__Work instructions__:
Within the entries below, please return exactly the lines from the one with "スクエアネックシアーヘムTシャツ" through the one with "The main home's", leaving out any pictures.

__Material supplied__:

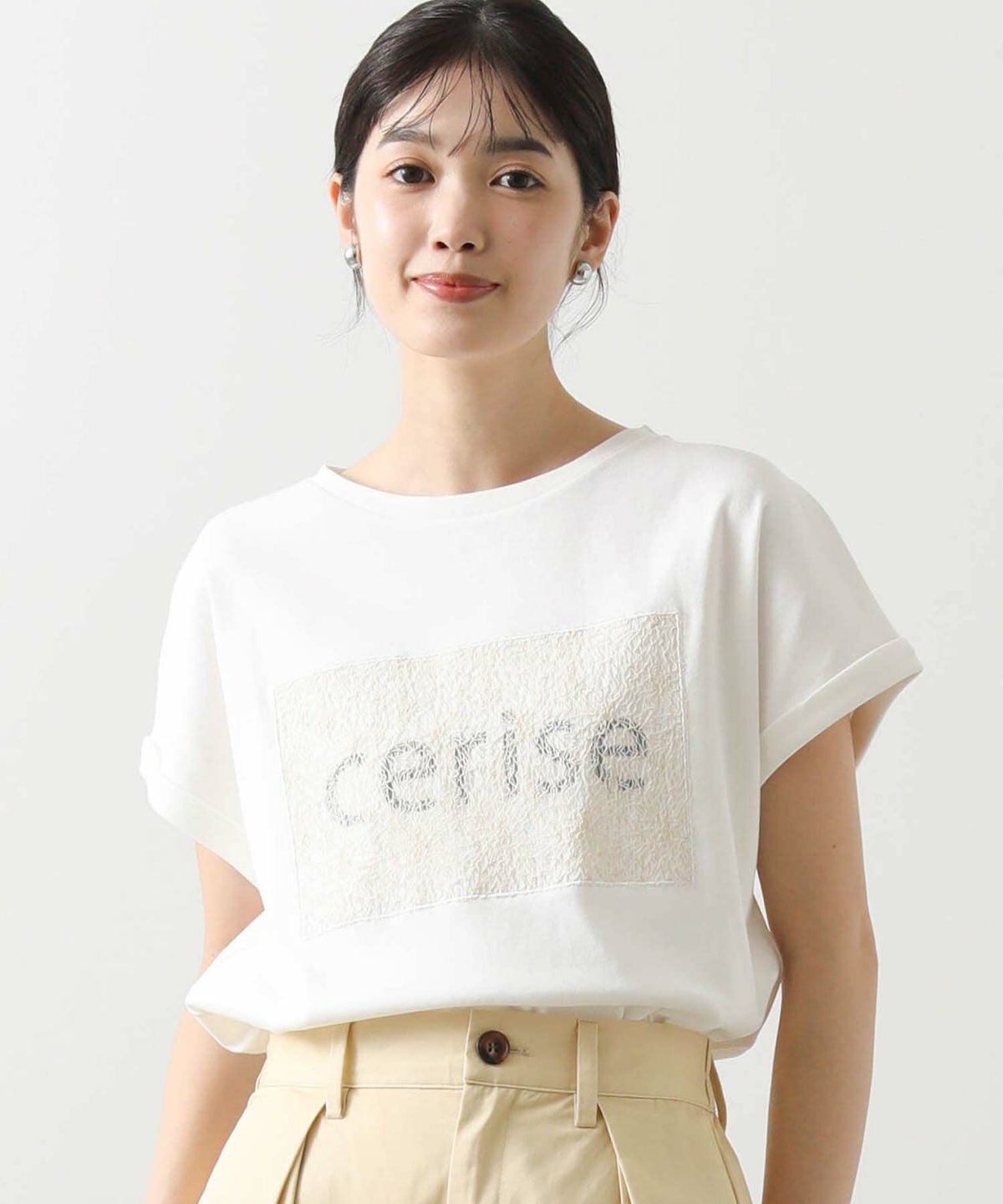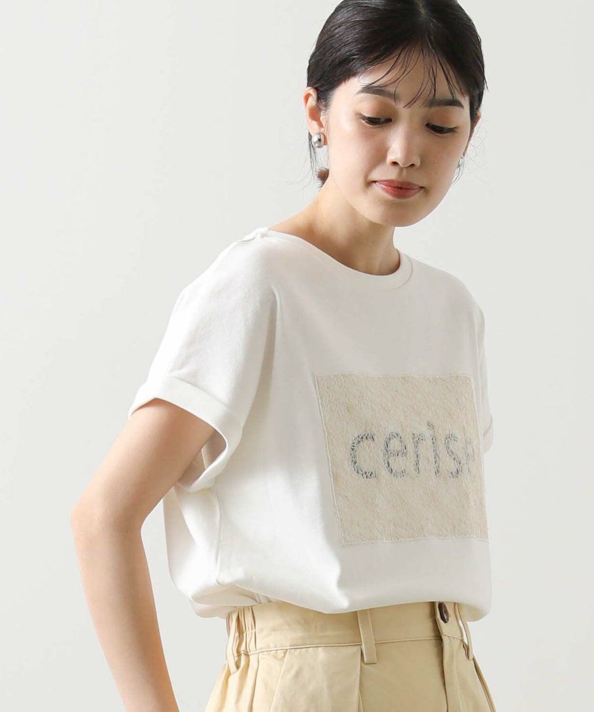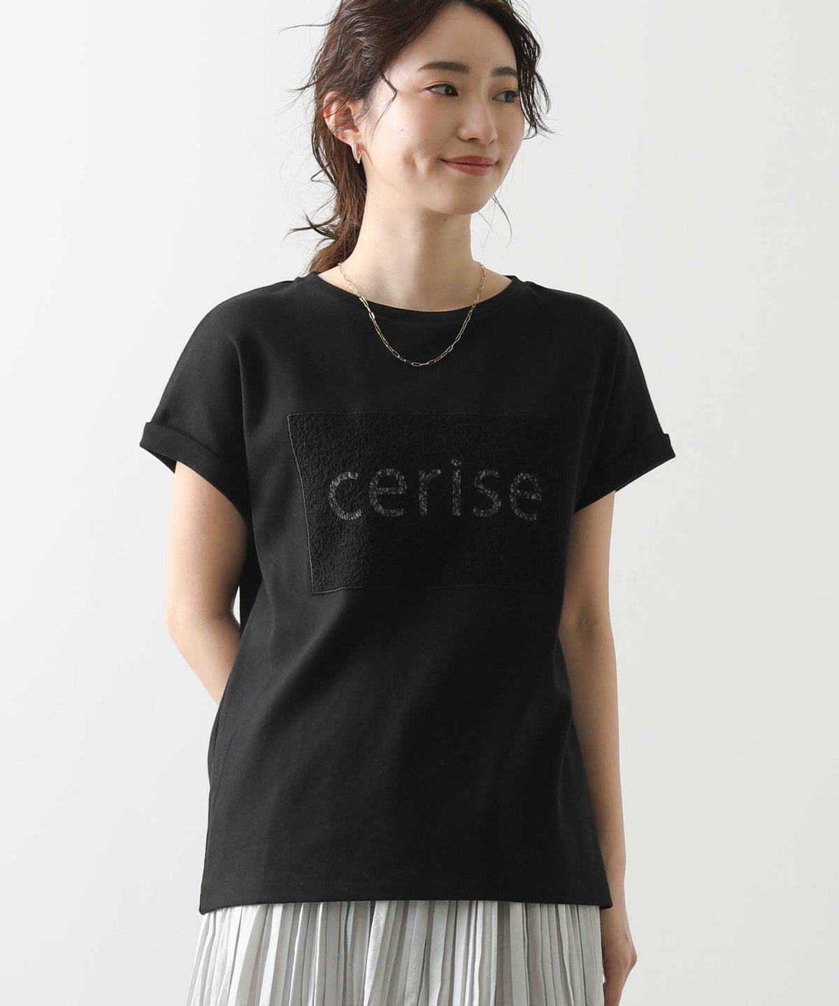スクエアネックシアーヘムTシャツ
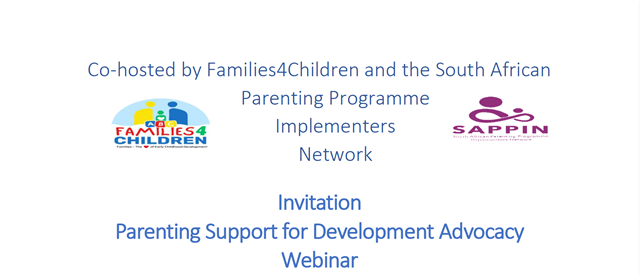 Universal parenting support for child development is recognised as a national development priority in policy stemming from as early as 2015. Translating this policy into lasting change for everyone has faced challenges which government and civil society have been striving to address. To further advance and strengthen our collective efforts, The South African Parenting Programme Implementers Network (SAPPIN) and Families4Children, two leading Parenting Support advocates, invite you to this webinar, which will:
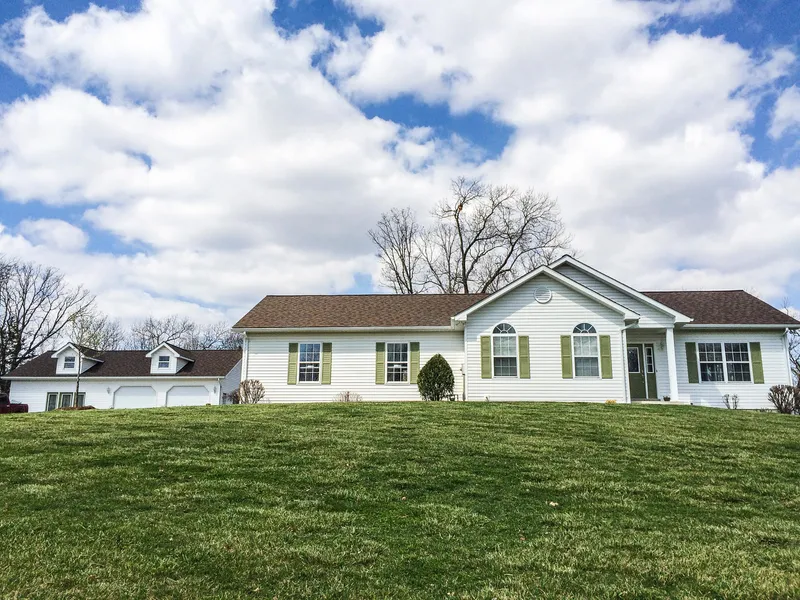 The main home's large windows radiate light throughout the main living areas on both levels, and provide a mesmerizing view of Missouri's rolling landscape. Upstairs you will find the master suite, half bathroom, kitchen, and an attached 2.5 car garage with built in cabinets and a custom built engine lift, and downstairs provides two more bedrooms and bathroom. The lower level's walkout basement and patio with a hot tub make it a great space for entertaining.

...

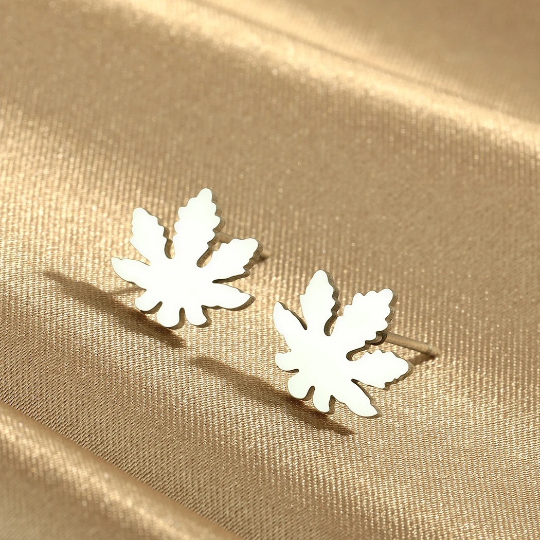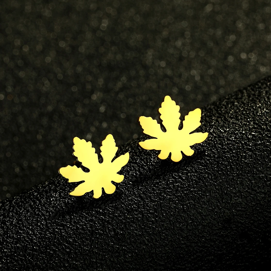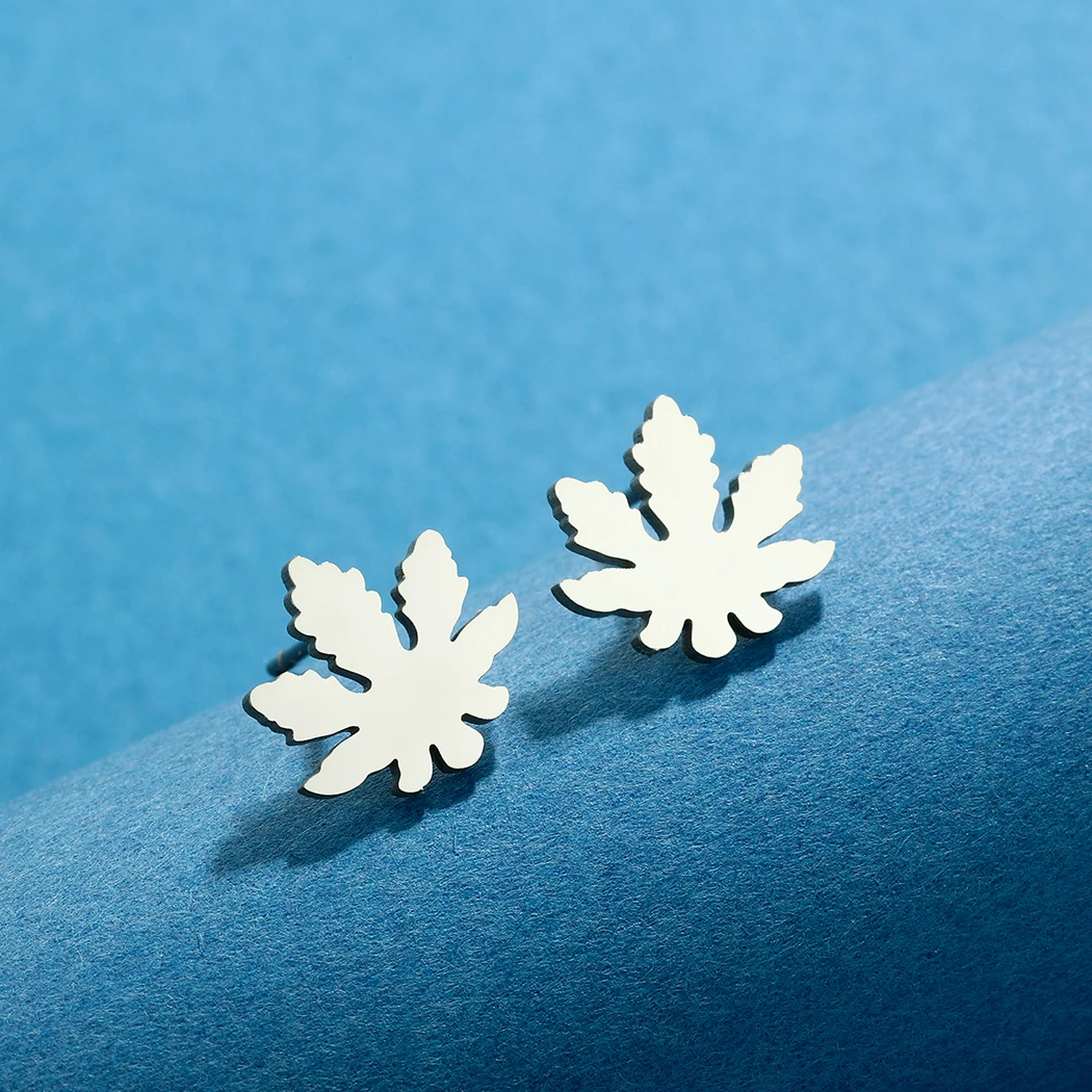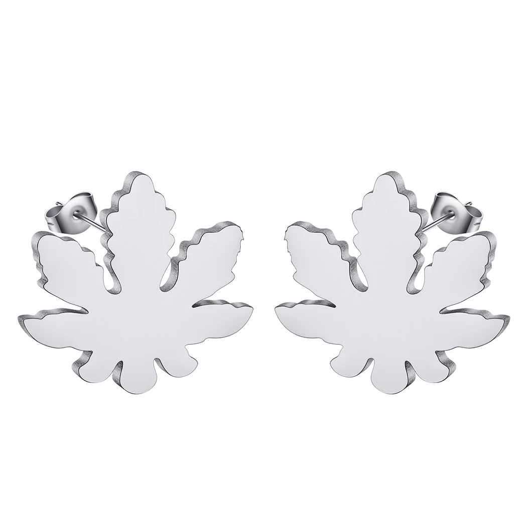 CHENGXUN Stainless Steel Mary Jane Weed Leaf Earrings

__Output below__:
スクエアネックシアーヘムTシャツ
 Universal parenting support for child development is recognised as a national development priority in policy stemming from as early as 2015. Translating this policy into lasting change for everyone has faced challenges which government and civil society have been striving to address. To further advance and strengthen our collective efforts, The South African Parenting Programme Implementers Network (SAPPIN) and Families4Children, two leading Parenting Support advocates, invite you to this webinar, which will:
 The main home's large windows radiate light throughout the main living areas on both levels, and provide a mesmerizing view of Missouri's rolling landscape. Upstairs you will find the master suite, half bathroom, kitchen, and an attached 2.5 car garage with built in cabinets and a custom built engine lift, and downstairs provides two more bedrooms and bathroom. The lower level's walkout basement and patio with a hot tub make it a great space for entertaining.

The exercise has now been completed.